The input:

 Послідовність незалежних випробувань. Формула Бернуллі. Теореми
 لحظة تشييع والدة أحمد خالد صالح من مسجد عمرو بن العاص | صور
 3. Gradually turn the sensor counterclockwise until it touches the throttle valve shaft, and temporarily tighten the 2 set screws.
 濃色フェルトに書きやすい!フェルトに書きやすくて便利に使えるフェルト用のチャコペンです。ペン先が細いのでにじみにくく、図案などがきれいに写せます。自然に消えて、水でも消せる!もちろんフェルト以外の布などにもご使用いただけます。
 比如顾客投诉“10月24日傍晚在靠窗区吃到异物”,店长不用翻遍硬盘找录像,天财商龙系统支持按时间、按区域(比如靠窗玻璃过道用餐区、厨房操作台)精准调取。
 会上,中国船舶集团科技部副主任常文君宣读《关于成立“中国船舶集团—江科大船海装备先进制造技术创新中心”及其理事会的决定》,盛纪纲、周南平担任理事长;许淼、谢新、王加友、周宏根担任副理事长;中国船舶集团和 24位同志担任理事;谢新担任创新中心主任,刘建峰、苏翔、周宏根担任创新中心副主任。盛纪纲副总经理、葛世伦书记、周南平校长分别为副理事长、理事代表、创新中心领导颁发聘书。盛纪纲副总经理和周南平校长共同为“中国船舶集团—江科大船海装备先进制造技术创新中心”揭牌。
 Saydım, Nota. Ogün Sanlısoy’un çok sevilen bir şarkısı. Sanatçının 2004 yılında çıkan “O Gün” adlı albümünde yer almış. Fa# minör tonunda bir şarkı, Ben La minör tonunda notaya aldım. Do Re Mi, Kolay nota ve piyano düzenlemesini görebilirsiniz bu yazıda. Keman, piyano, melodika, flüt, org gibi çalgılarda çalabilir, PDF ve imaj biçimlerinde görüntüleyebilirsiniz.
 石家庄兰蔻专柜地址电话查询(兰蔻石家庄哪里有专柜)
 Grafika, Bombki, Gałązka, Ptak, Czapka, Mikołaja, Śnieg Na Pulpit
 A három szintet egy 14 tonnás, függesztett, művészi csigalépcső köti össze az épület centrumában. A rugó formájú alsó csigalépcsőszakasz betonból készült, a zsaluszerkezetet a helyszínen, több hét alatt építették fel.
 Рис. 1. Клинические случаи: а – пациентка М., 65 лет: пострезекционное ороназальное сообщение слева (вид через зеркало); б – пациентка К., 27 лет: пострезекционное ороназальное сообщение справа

Instructions for the task: Every line of the listing should be repeated exactly.

Result:
 Послідовність незалежних випробувань. Формула Бернуллі. Теореми
 لحظة تشييع والدة أحمد خالد صالح من مسجد عمرو بن العاص | صور
 3. Gradually turn the sensor counterclockwise until it touches the throttle valve shaft, and temporarily tighten the 2 set screws.
 濃色フェルトに書きやすい!フェルトに書きやすくて便利に使えるフェルト用のチャコペンです。ペン先が細いのでにじみにくく、図案などがきれいに写せます。自然に消えて、水でも消せる!もちろんフェルト以外の布などにもご使用いただけます。
 比如顾客投诉“10月24日傍晚在靠窗区吃到异物”,店长不用翻遍硬盘找录像,天财商龙系统支持按时间、按区域(比如靠窗玻璃过道用餐区、厨房操作台)精准调取。
 会上,中国船舶集团科技部副主任常文君宣读《关于成立“中国船舶集团—江科大船海装备先进制造技术创新中心”及其理事会的决定》,盛纪纲、周南平担任理事长;许淼、谢新、王加友、周宏根担任副理事长;中国船舶集团和 24位同志担任理事;谢新担任创新中心主任,刘建峰、苏翔、周宏根担任创新中心副主任。盛纪纲副总经理、葛世伦书记、周南平校长分别为副理事长、理事代表、创新中心领导颁发聘书。盛纪纲副总经理和周南平校长共同为“中国船舶集团—江科大船海装备先进制造技术创新中心”揭牌。
 Saydım, Nota. Ogün Sanlısoy’un çok sevilen bir şarkısı. Sanatçının 2004 yılında çıkan “O Gün” adlı albümünde yer almış. Fa# minör tonunda bir şarkı, Ben La minör tonunda notaya aldım. Do Re Mi, Kolay nota ve piyano düzenlemesini görebilirsiniz bu yazıda. Keman, piyano, melodika, flüt, org gibi çalgılarda çalabilir, PDF ve imaj biçimlerinde görüntüleyebilirsiniz.
 石家庄兰蔻专柜地址电话查询(兰蔻石家庄哪里有专柜)
 Grafika, Bombki, Gałązka, Ptak, Czapka, Mikołaja, Śnieg Na Pulpit
 A három szintet egy 14 tonnás, függesztett, művészi csigalépcső köti össze az épület centrumában. A rugó formájú alsó csigalépcsőszakasz betonból készült, a zsaluszerkezetet a helyszínen, több hét alatt építették fel.
 Рис. 1. Клинические случаи: а – пациентка М., 65 лет: пострезекционное ороназальное сообщение слева (вид через зеркало); б – пациентка К., 27 лет: пострезекционное ороназальное сообщение справа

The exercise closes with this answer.